### Task input
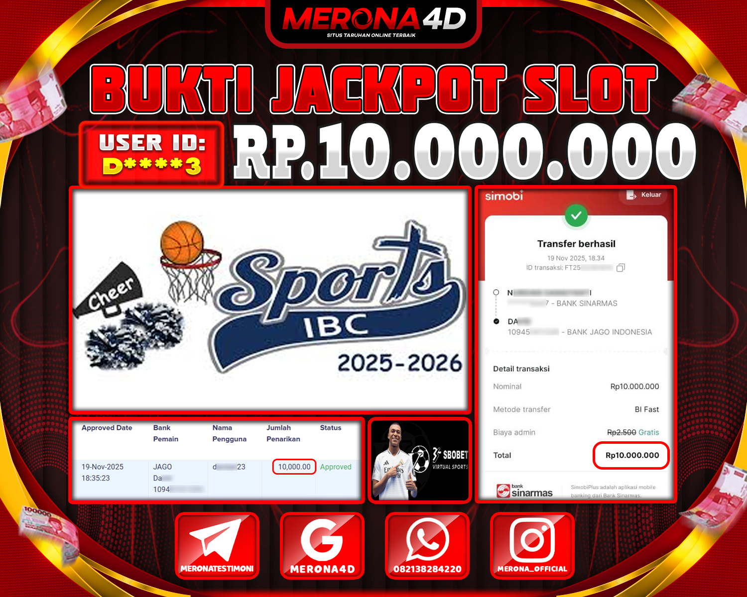Selamat Kepada Member MERONA4D D****3 Telah Jackpot Di IBC SPORTS
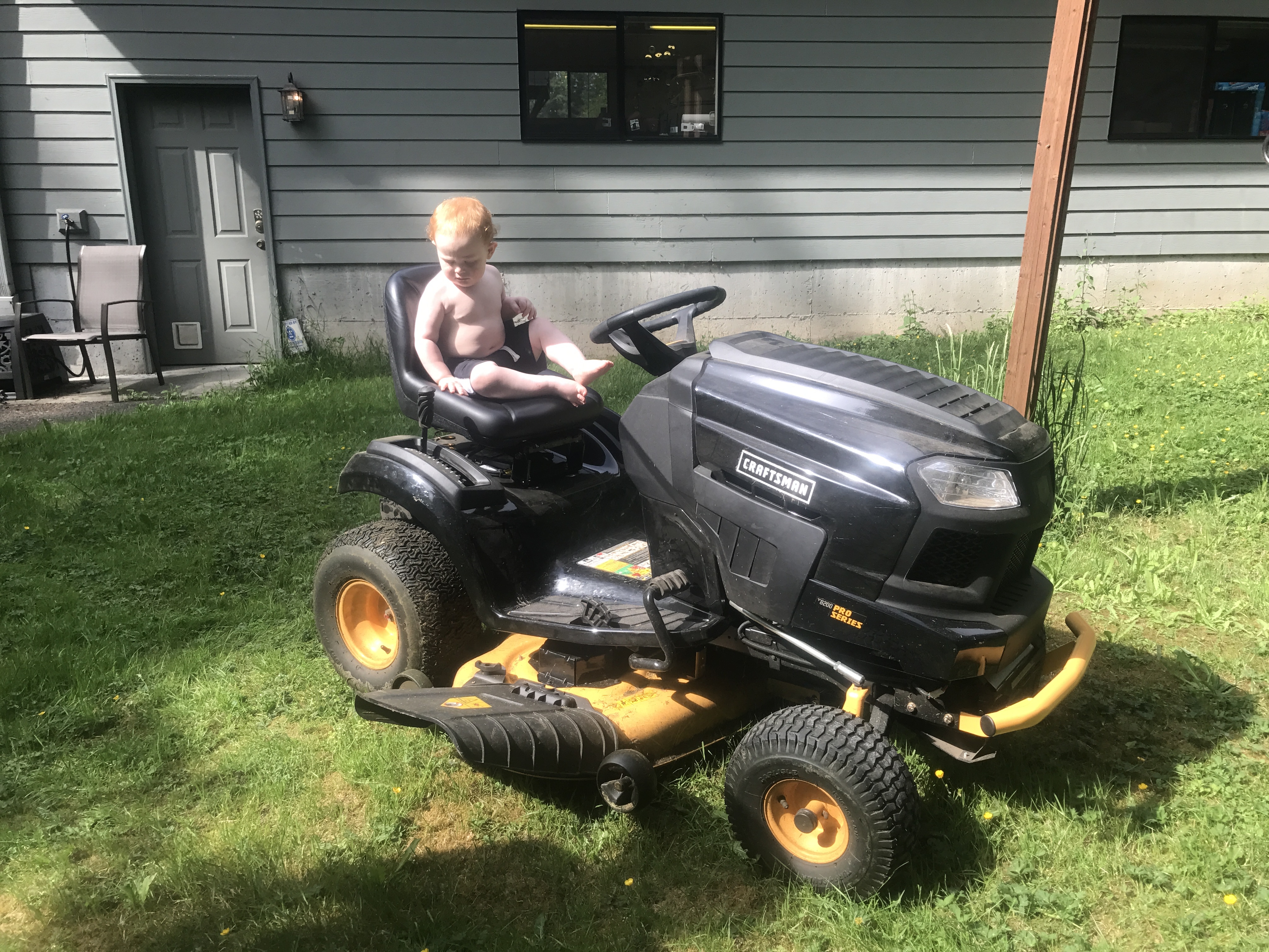 Look at Finn about to start the mowing the lawn for Daddy! Just be sure not to head the mower down toward the lake!! It doesn’t swim at all!
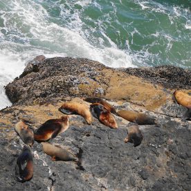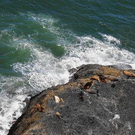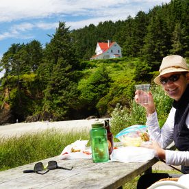 Heceta Head Light and Keepers Quarters was placed on the National Register of Historic Places in 1978 for its architectural and engineering significance. The site originally included several other buildings — farm buildings and the single-family head lighthouse keeper’s house, which was demolished in 1940, and was very similar in size and design to the remaining house. Due to electrification, the head lighthouse keeper was no longer needed, and the house was bought for $10 and dismantled for its lumber, which was used to build Alpha Bit bookstore-cafe in Mapleton, still standing today. The remaining keepers’ house was a duplex that housed the first and second assistant lighthouse keepers and their families. After the light was automated in 1963, the last keepers moved away, and the remaining house was leased to Lane Community College in 1970 by the U.S. Forest Service, which had taken over management of the building. The porch of the Queen Anne-style house underwent restoration in 1981.
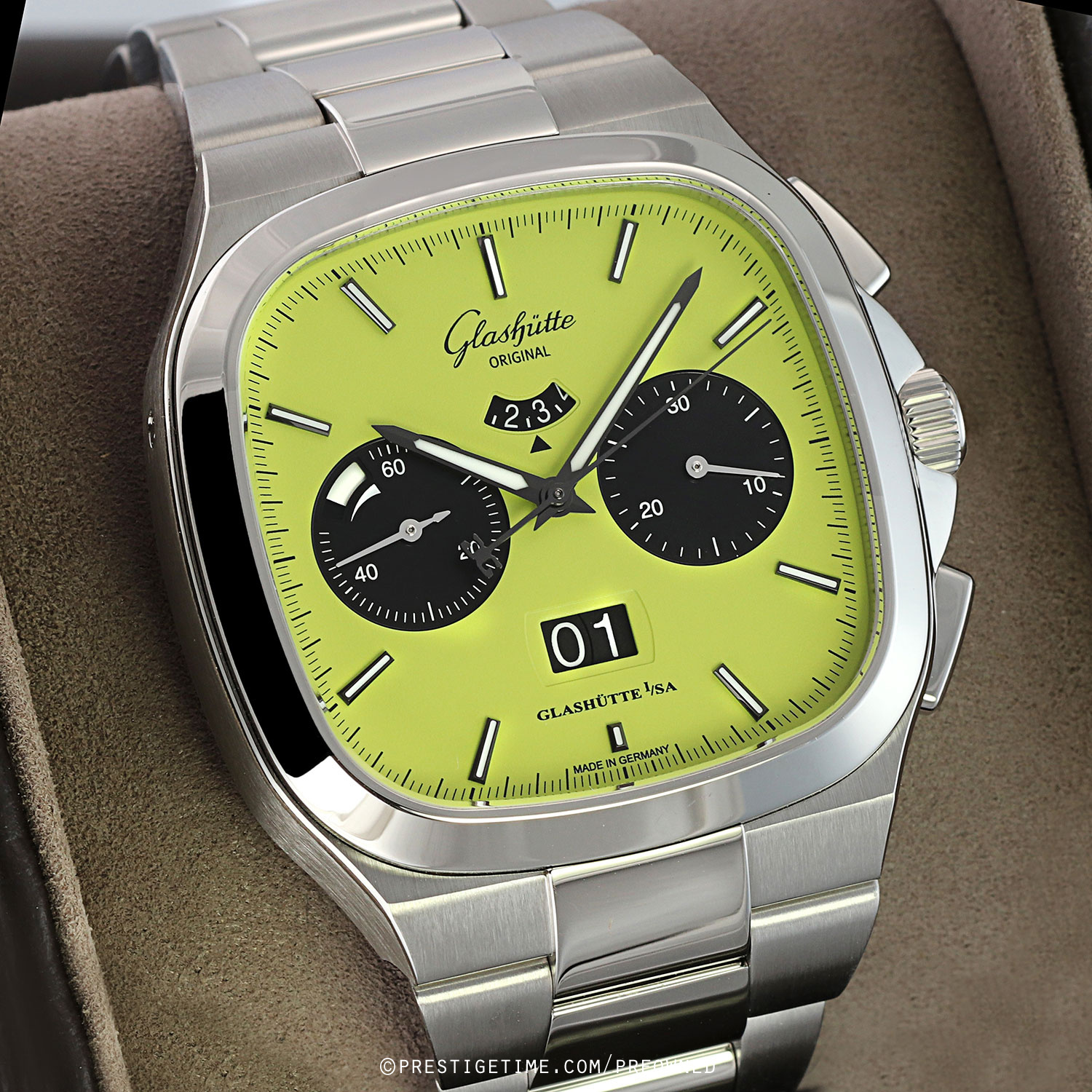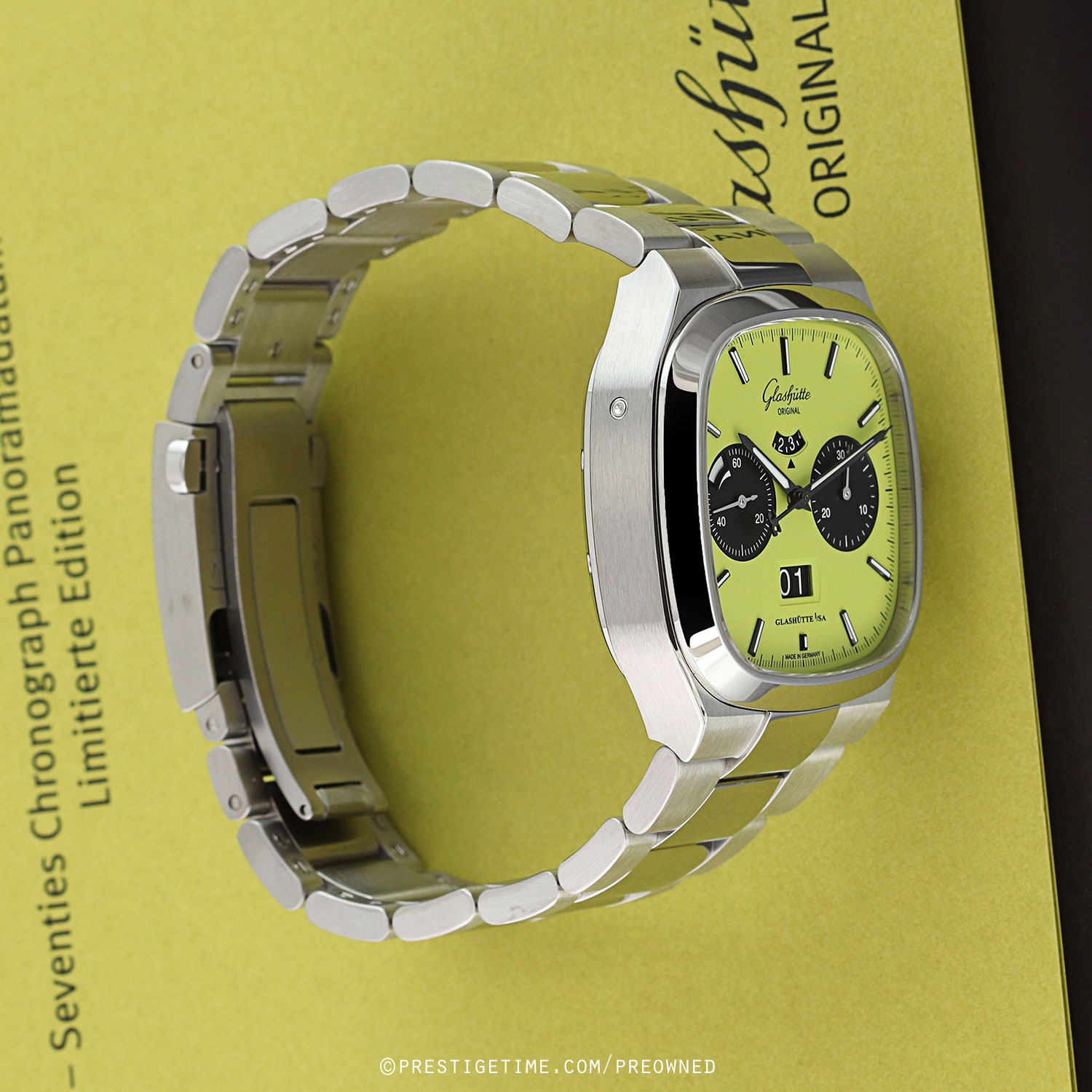 Seventies Chronograph Panorama Date FUSION, limited & numbered edition of 100 pieces featuring a lime-green dial.
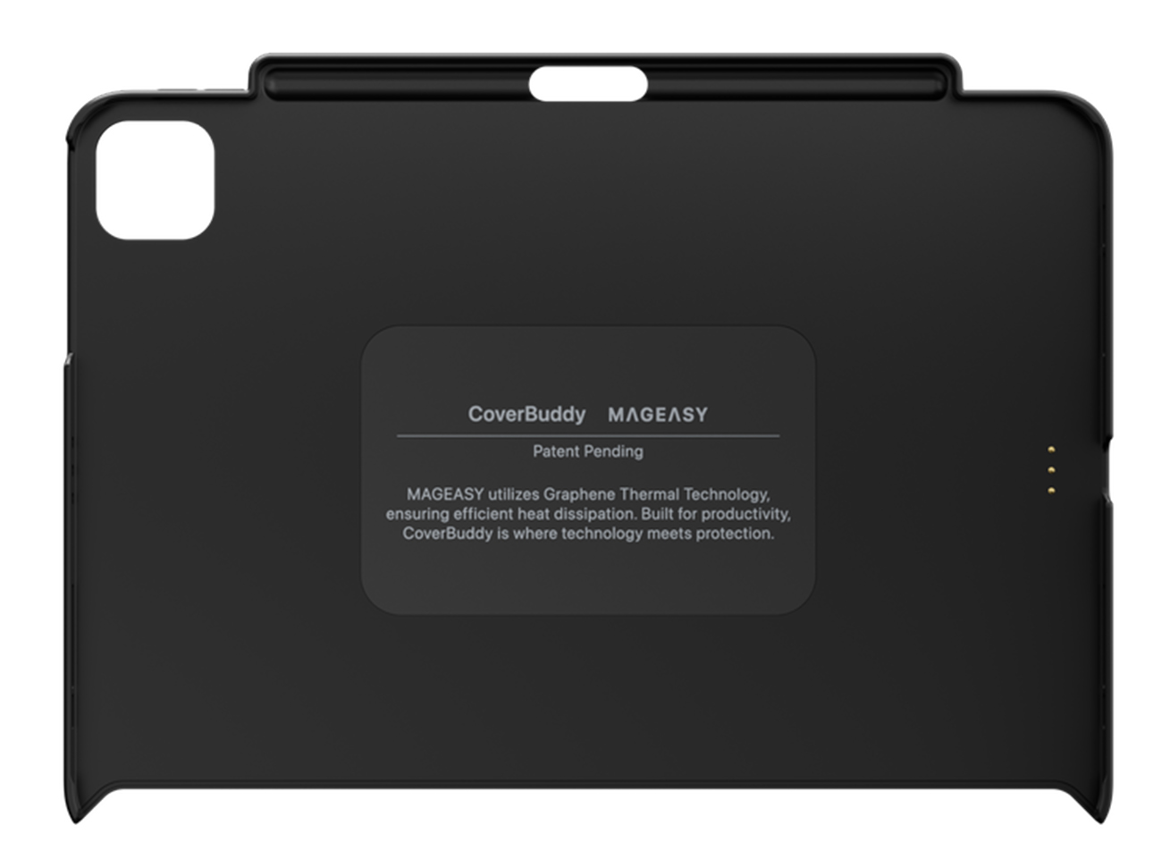 Made from Graphene material to help dissipate heat properly while using the iPad.
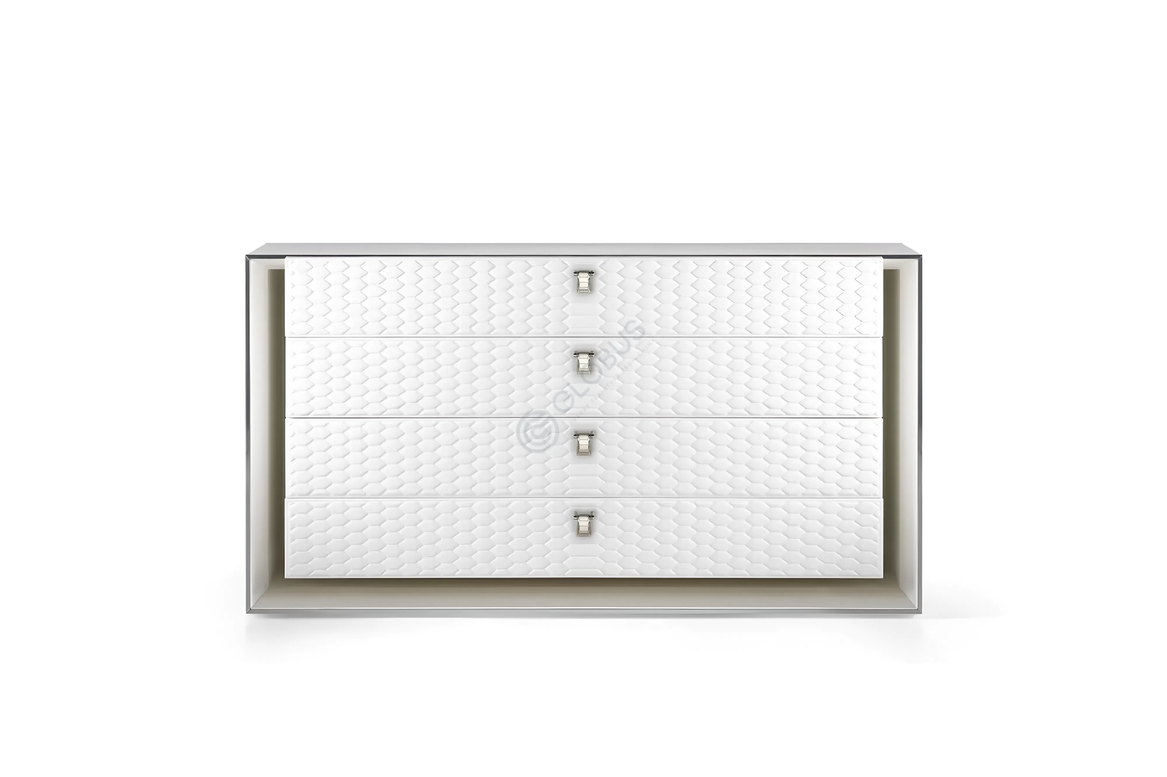 Crafted with a sturdy plywood core, this piece features drawer fronts adorned with luxurious microfiber leather. The distinctive hexagonal textured pattern on each drawer provides a unique tactile and visual depth, making it a standout feature. Sleek stainless steel handles complete the drawers, adding a touch of polished modernity, while similar accents define its elegant base.

### Problem
Reproduce all the records verbatim, excluding images.

### Answer
Selamat Kepada Member MERONA4D D****3 Telah Jackpot Di IBC SPORTS
 Look at Finn about to start the mowing the lawn for Daddy! Just be sure not to head the mower down toward the lake!! It doesn’t swim at all!
 Heceta Head Light and Keepers Quarters was placed on the National Register of Historic Places in 1978 for its architectural and engineering significance. The site originally included several other buildings — farm buildings and the single-family head lighthouse keeper’s house, which was demolished in 1940, and was very similar in size and design to the remaining house. Due to electrification, the head lighthouse keeper was no longer needed, and the house was bought for $10 and dismantled for its lumber, which was used to build Alpha Bit bookstore-cafe in Mapleton, still standing today. The remaining keepers’ house was a duplex that housed the first and second assistant lighthouse keepers and their families. After the light was automated in 1963, the last keepers moved away, and the remaining house was leased to Lane Community College in 1970 by the U.S. Forest Service, which had taken over management of the building. The porch of the Queen Anne-style house underwent restoration in 1981.
 Seventies Chronograph Panorama Date FUSION, limited & numbered edition of 100 pieces featuring a lime-green dial.
 Made from Graphene material to help dissipate heat properly while using the iPad.
 Crafted with a sturdy plywood core, this piece features drawer fronts adorned with luxurious microfiber leather. The distinctive hexagonal textured pattern on each drawer provides a unique tactile and visual depth, making it a standout feature. Sleek stainless steel handles complete the drawers, adding a touch of polished modernity, while similar accents define its elegant base.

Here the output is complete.